TASK INPUTS:
··········
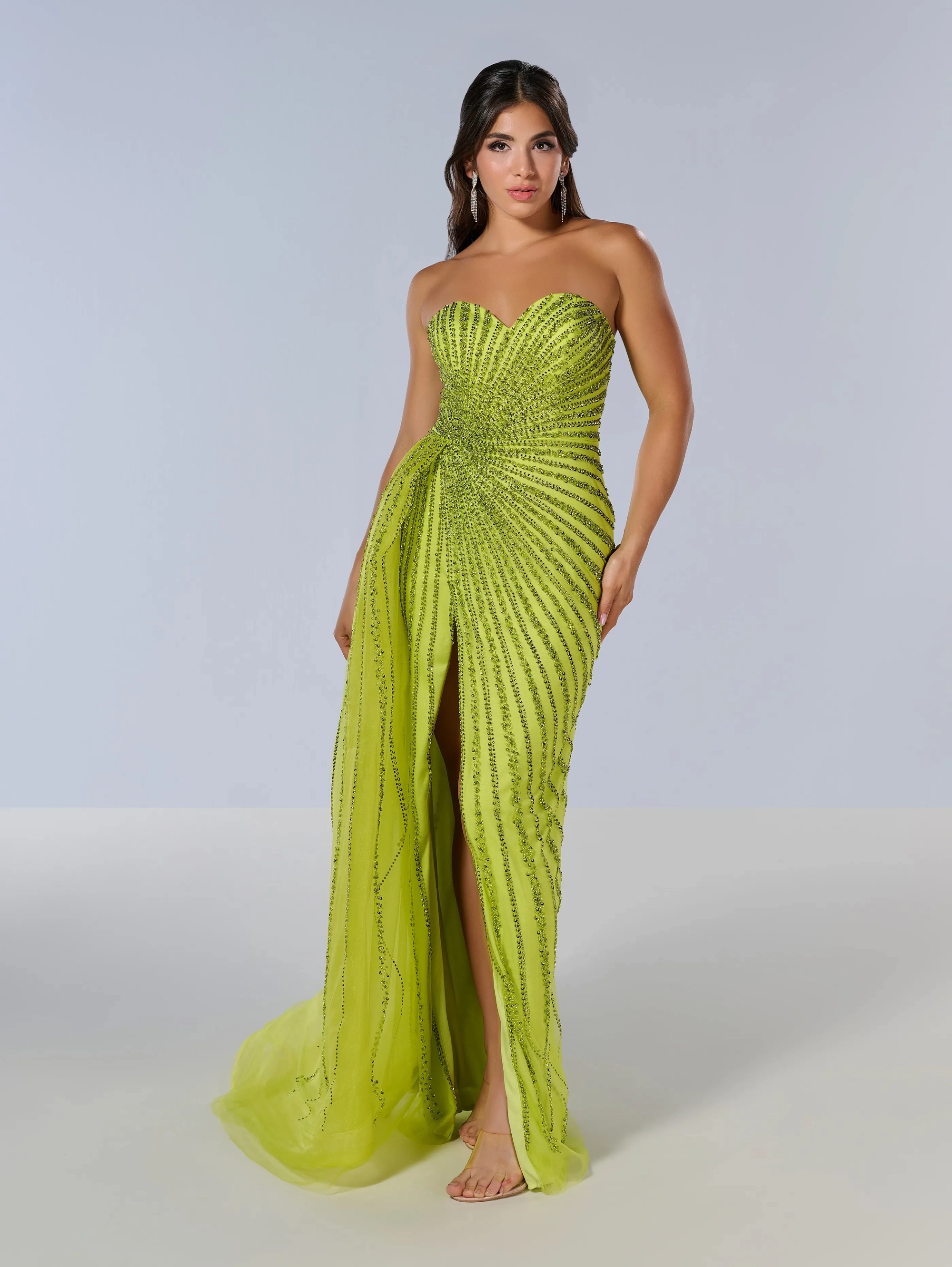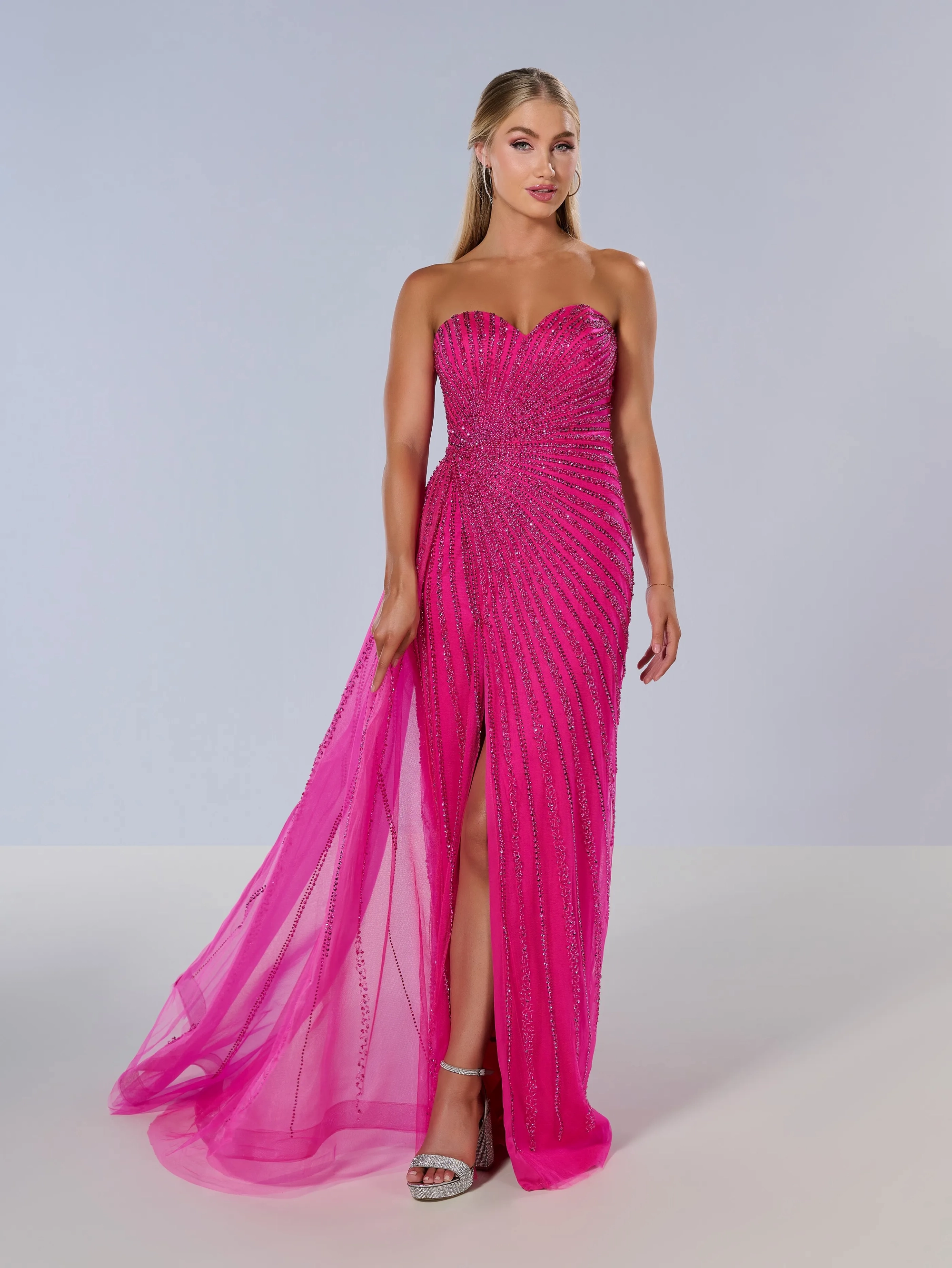 This stunning gown features delicate beaded tulle crafted into a slim-fit overskirt, complemented by a timeless sweetheart strapless top that epitomizes grace and allure.
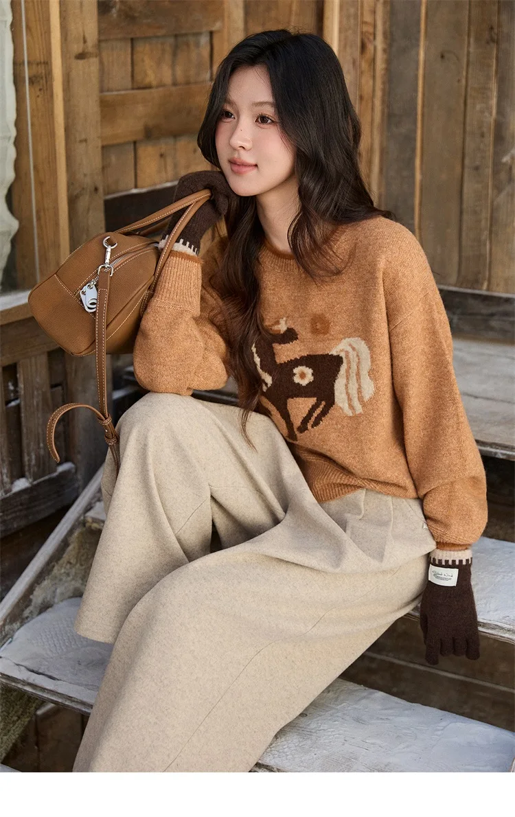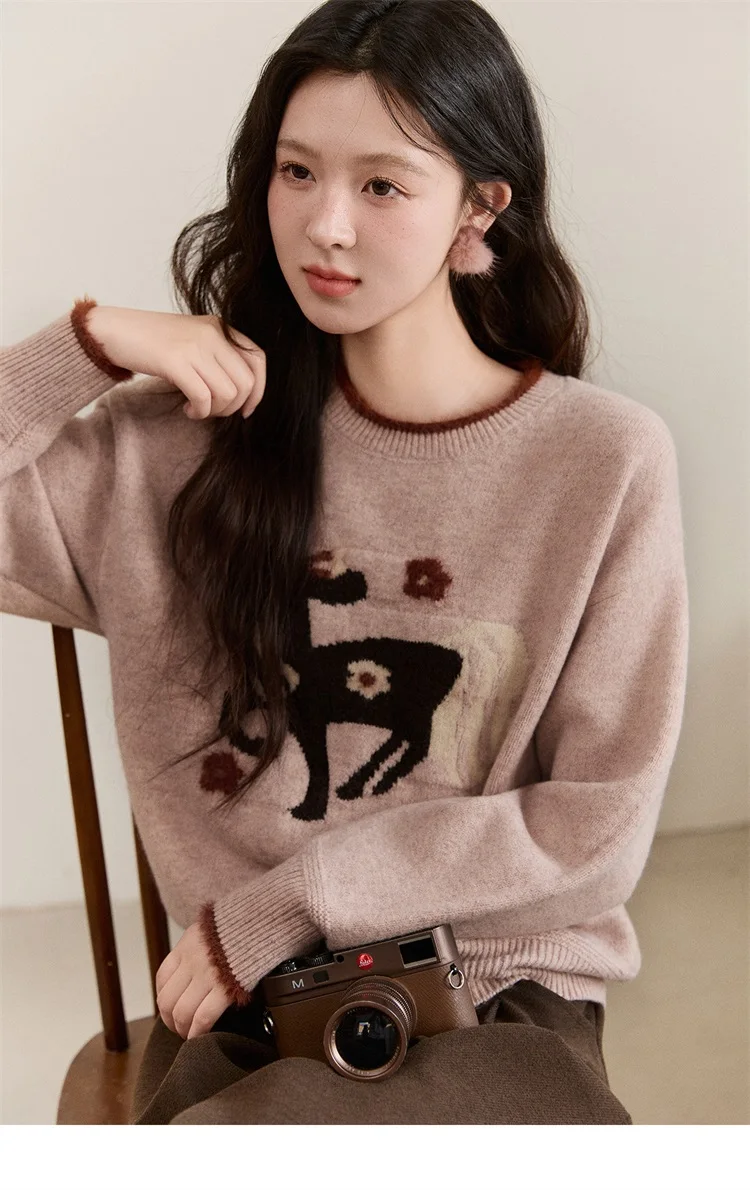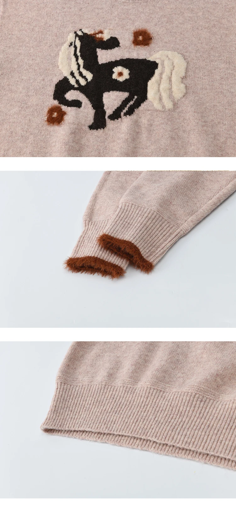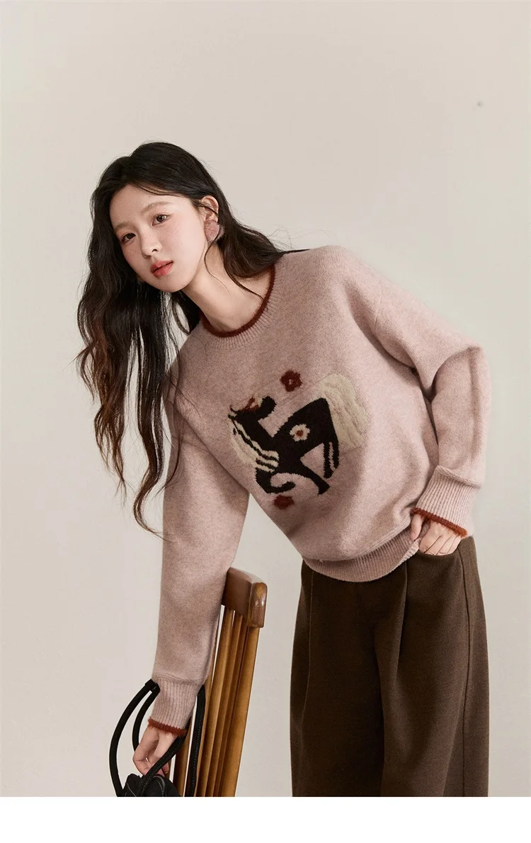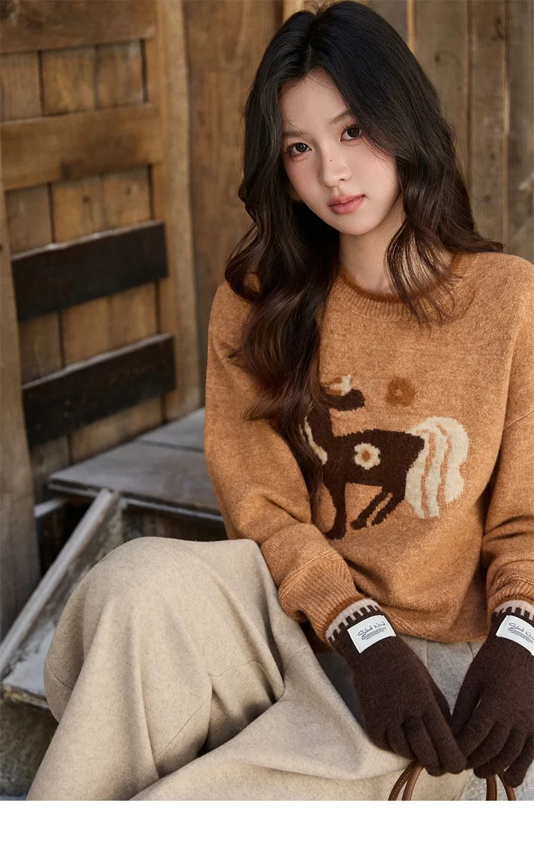 MISHOW Women's Horse Pattern Knit Sweater Winter Crew Neck Sweaters Collar Cuffs Splice Contrasting Faux Mink Fur Top MXE94Z2863
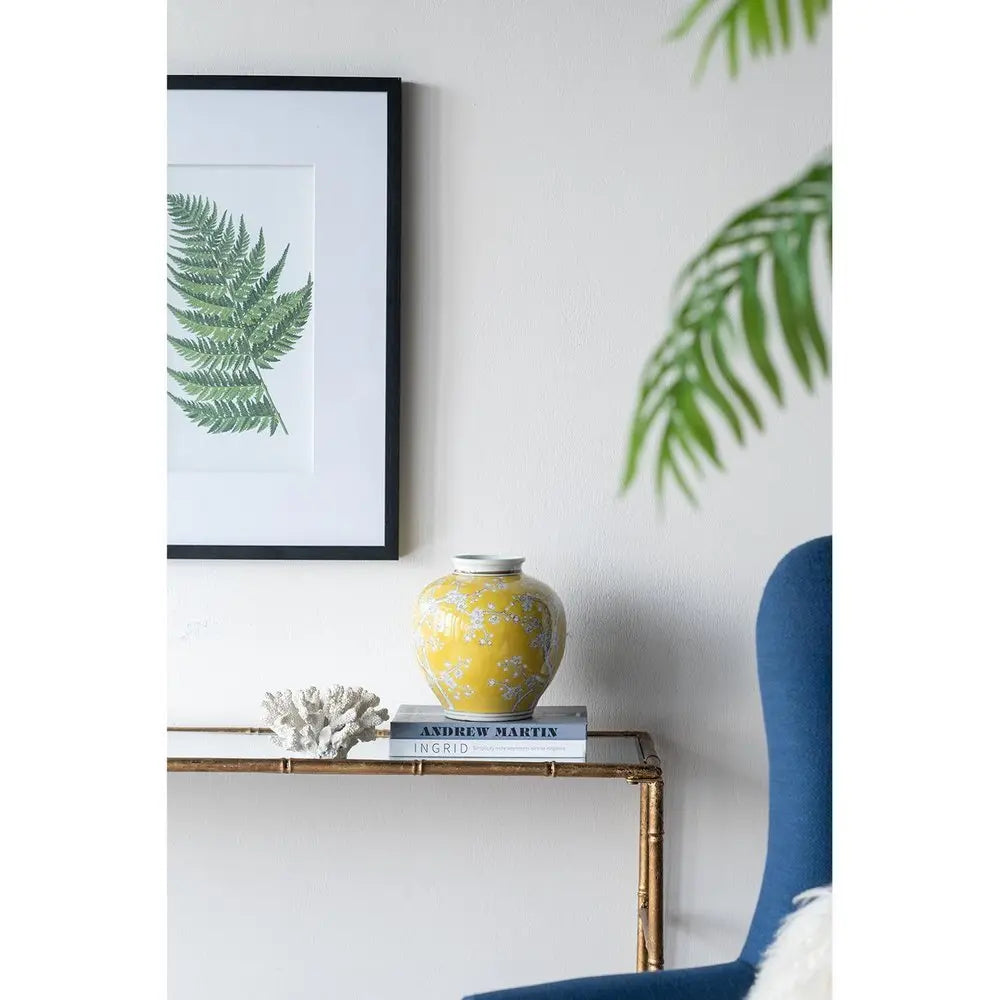 The 9-inch yellow and white floral round porcelain table vase is a stunning addition to any interior space. Crafted from high-quality porcelain, this table vase showcases a round shape that complements a variety of decor styles. Its traditional design is enhanced by exquisite hand-painted floral patterns, creating a beautiful focal point for your tabletop. Ideal for holding fresh or artificial flowers, this vase adds a touch of elegance to your home. Perfect for a living room, dining room, or entryway, it effortlessly elevates your decor while reflecting your personal style. Use it as a standalone piece or mix and match with other decor items to create a harmonious arrangement. 9.1-inch h x 8.7-inch w x 8.7-inch d.
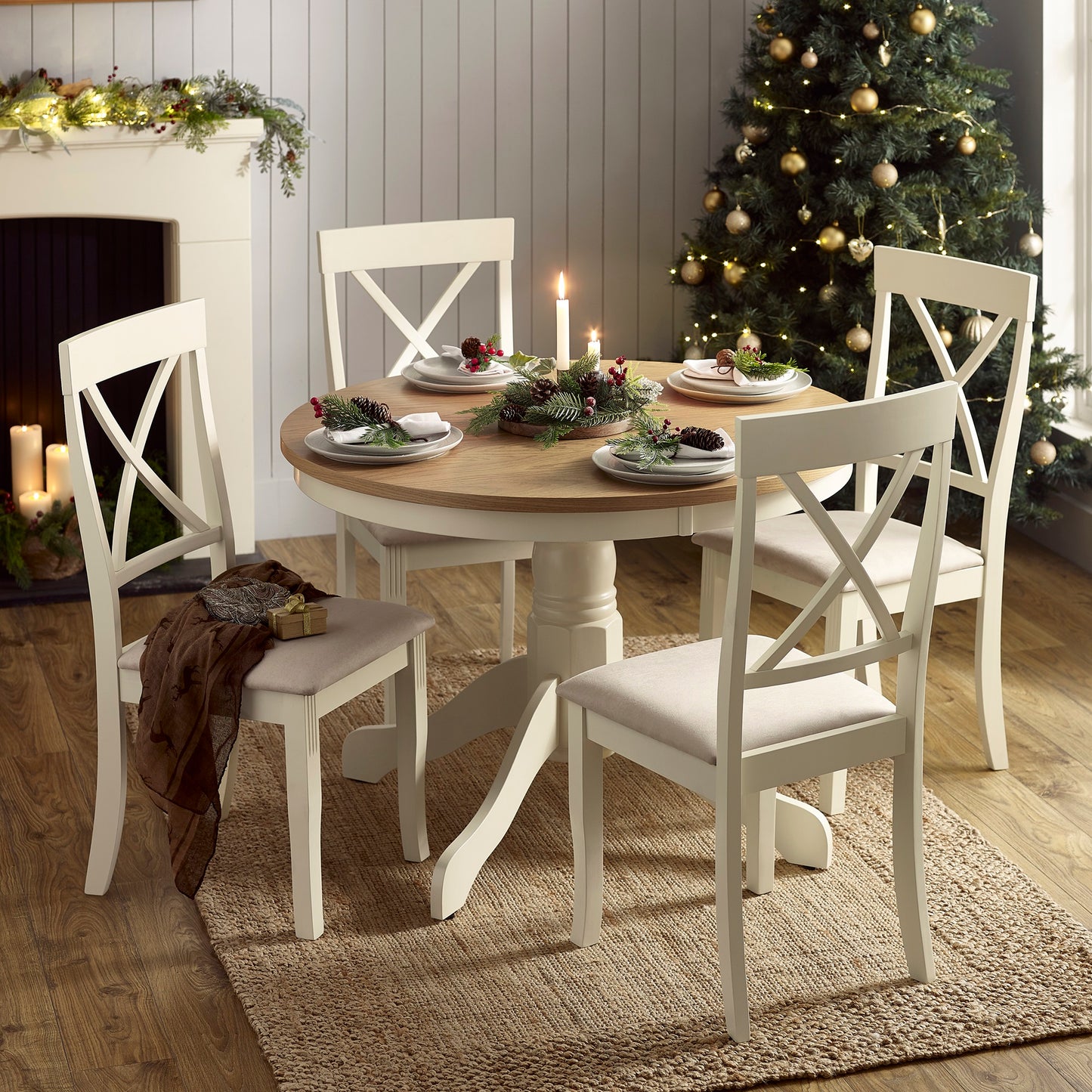 • Elegant Design: Features a timeless cross-back frame with an ivory finish, perfect for adding a touch of elegance to any dining space. Ideal for both modern and traditional interiors.
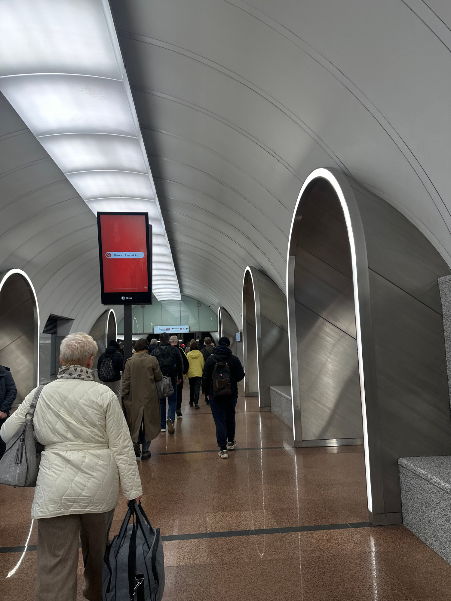 The image depicts a queue of people in what appears to be a modern, underground space, likely a subway station. The setting is suggested to be in Moscow, Russia based on the Russian language text visi…read more
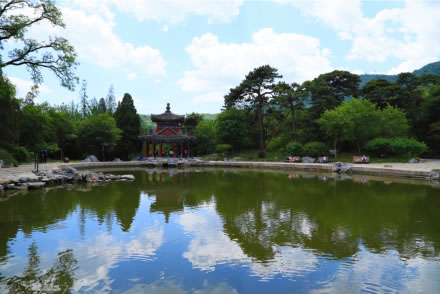 知松園位于南北主要游覽干道西側(cè),占地2公頃,是1987年新辟建的景區(qū)。景區(qū)內(nèi)一、二級古松柏100余株。在景區(qū)之東立寬1.5米,長2.5米,高5.5米巨石一塊,正面書直徑為0.8米的“知松園”三字,石背錄陳毅詩“大雪壓青松,青松挺且直,欲知松高節(jié),待到雪化時”。知松取意于《論語·子罕》“歲寒然后知松柏之后凋也”。景區(qū)內(nèi)有古松同琉璃塔形成借景,命名為“瓊松塔影”。
··········
WHAT YOU WILL DO: Please copy every entry exactly, without the pictures.

SOLUTION FOR THIS EXERCISE:
 This stunning gown features delicate beaded tulle crafted into a slim-fit overskirt, complemented by a timeless sweetheart strapless top that epitomizes grace and allure.
 MISHOW Women's Horse Pattern Knit Sweater Winter Crew Neck Sweaters Collar Cuffs Splice Contrasting Faux Mink Fur Top MXE94Z2863
 The 9-inch yellow and white floral round porcelain table vase is a stunning addition to any interior space. Crafted from high-quality porcelain, this table vase showcases a round shape that complements a variety of decor styles. Its traditional design is enhanced by exquisite hand-painted floral patterns, creating a beautiful focal point for your tabletop. Ideal for holding fresh or artificial flowers, this vase adds a touch of elegance to your home. Perfect for a living room, dining room, or entryway, it effortlessly elevates your decor while reflecting your personal style. Use it as a standalone piece or mix and match with other decor items to create a harmonious arrangement. 9.1-inch h x 8.7-inch w x 8.7-inch d.
 • Elegant Design: Features a timeless cross-back frame with an ivory finish, perfect for adding a touch of elegance to any dining space. Ideal for both modern and traditional interiors.
 The image depicts a queue of people in what appears to be a modern, underground space, likely a subway station. The setting is suggested to be in Moscow, Russia based on the Russian language text visi…read more
 知松園位于南北主要游覽干道西側(cè),占地2公頃,是1987年新辟建的景區(qū)。景區(qū)內(nèi)一、二級古松柏100余株。在景區(qū)之東立寬1.5米,長2.5米,高5.5米巨石一塊,正面書直徑為0.8米的“知松園”三字,石背錄陳毅詩“大雪壓青松,青松挺且直,欲知松高節(jié),待到雪化時”。知松取意于《論語·子罕》“歲寒然后知松柏之后凋也”。景區(qū)內(nèi)有古松同琉璃塔形成借景,命名為“瓊松塔影”。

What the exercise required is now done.